§ Exercise details: When you reach the line containing "Produktbeskrivning GRATEQ SAANA" in the records below, start copying exactly, and stop once you have copied the line containing "慵懒风休闲穿搭套装女2026春夏新款宽松显瘦上衣阔腿裤子两件套装".

§ Data for the task:
_ _ _ _

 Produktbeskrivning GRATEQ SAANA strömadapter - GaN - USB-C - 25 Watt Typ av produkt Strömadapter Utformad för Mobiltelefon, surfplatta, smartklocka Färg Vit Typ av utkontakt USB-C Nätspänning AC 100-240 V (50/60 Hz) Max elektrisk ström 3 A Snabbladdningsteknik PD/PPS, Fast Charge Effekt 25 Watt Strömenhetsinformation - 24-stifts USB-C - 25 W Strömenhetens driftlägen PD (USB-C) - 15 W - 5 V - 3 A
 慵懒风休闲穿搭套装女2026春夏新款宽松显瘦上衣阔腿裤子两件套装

_ _ _ _

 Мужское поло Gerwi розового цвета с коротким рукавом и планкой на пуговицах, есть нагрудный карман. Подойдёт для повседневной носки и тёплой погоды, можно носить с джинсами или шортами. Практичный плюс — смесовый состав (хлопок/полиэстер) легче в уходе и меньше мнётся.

_ _ _ _

§ Exercise solution:
 Produktbeskrivning GRATEQ SAANA strömadapter - GaN - USB-C - 25 Watt Typ av produkt Strömadapter Utformad för Mobiltelefon, surfplatta, smartklocka Färg Vit Typ av utkontakt USB-C Nätspänning AC 100-240 V (50/60 Hz) Max elektrisk ström 3 A Snabbladdningsteknik PD/PPS, Fast Charge Effekt 25 Watt Strömenhetsinformation - 24-stifts USB-C - 25 W Strömenhetens driftlägen PD (USB-C) - 15 W - 5 V - 3 A
 慵懒风休闲穿搭套装女2026春夏新款宽松显瘦上衣阔腿裤子两件套装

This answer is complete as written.